Сразу же зададим мажорную тональность [ton majeur] [667]: воскрешение, о котором идет речь, не минует смерти, не выходит за ее пределы, не вовлекает ее в диалектическое движение. Напротив, оно образует предел и истину умирания. Оно осуществляется в смерти не для того, чтобы пройти сквозь нее, но чтобы, безвозвратно погружаясь в нее, воскресить ее самое. Воскресить смерть совершенно не то же самое, что воскресить мертвых. Воскрешение мертвых заключается в том, чтобы вернуть их к жизни, сделать так, чтобы жизнь вновь возникла там, где смерть ее уничтожила. Это необыкновенное, чудесное действие, которое заменяет законы природы сверхъестественной силой. Воскрешение смерти — это совершенно иное действие, если, конечно, это вообще действие. В любом случае это, безусловно, творение — слово, которое тесно связано с предыдущим термином [opération — œuvre] [668], или дело творения, творения в его сущностной праздности [désoeuvrement].

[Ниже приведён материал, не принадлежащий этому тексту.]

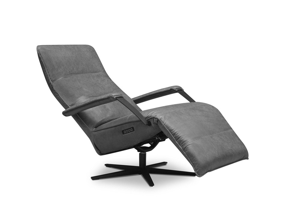 Relax-Sessel Alhambra Leder Grau Sternfuß aus Stahl mit Motor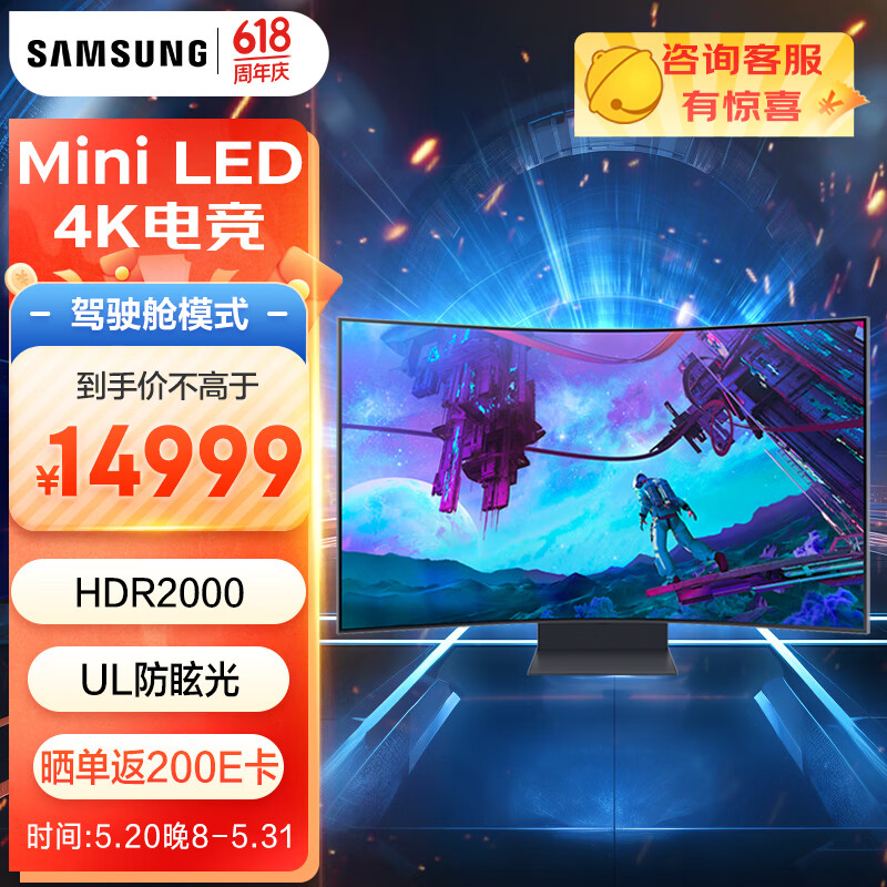 三星(SAMSUNG)55英寸 MiniLED 165Hz 4K 1ms(GTG) G97NC 玄龙骑士 Ark2.0 曲面 电竞 显示器 LS55CG970NCXXF价格:15999.00元!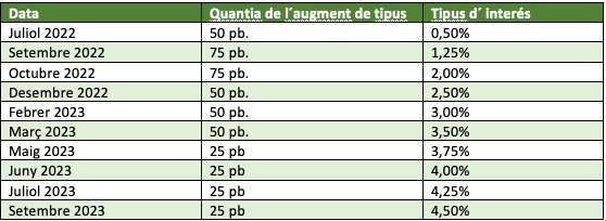 L’Euribor ha d’arribar ja al seu punt més alt i al 2024 i 2025 s’indica que l’índex tindrà un valor més baix.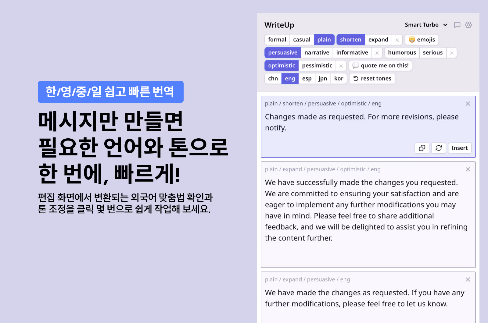 문장 수정 / 톤 조정 / 맞춤법 등 다양한 어조의 조합으로 원하는 어조를 만들어 사용해보세요!

Но даже эту праздность в действительности мы можем понять, лишь исходя из воскрешения смерти, если через творение «речь наделяет голосом сокровенность смерти» [669].
Итак, редкая для Бланшо формулировка «воскрешение смерти» имеет решающее значение. Возможно даже, он употребил это выражение всего однажды, но высказал его так решительно и таким поразительным образом, что этого единственного раза ему показалось достаточно — к тому же само выражение, и так слишком рискованное, грозило превратиться в опасное, если его повторять. Ведь оно действительно опасно и может открыть путь ко всякого рода двусмысленностям. Бланшо это понимал и стремился предотвратить этот риск, хотя и брал на себя некоторую его долю, долю тщательно и, можно даже сказать, осторожно отмеренную. Эта доля риска, по крайней мере частично, связана у Бланшо с сохранившимися в его мысли о воскрешении монотеистическими, а точнее, христианскими корнями.
Прежде всего мы должны ненадолго остановиться на этом христианском истоке, хотя в дальнейшем нам, быть может, придется вернуться к нему более подробно. Ведь Бланшо вполне мог бы замалчивать его, даже полностью его вытеснять, заменяя «воскрешение» теми или иными терминами, предположим, такими, как «праздность» — «творчество без завершенности» — или «безумие», или же «бессонница», «обращение» или «переворачивание» [670] или еще «признание», ход и «отклонение» [extravagance] которого попытался показать Кристоф Бидан [671]. До некоторой степени подобное замещение имело место и снимало всякую зависимость от религии. Однако понятно, что в таком случае была бы утеряна непосредственная и очевидная связь со смертью, избавление и освобождение от которой прямо обозначаются воскрешением. Итак, не было возможности обойтись без этого термина, предназначенного служить логическим оператором между смертью, отношение к которой полагается как присущее письму, и письмом (словом, криком, стихом), отношение к которому полагается как присущее умиранию или смертности человека. Это, однако, еще не все: нужно также учитывать и тот элемент, сам факт существования которого является предпосылкой теологического мотива.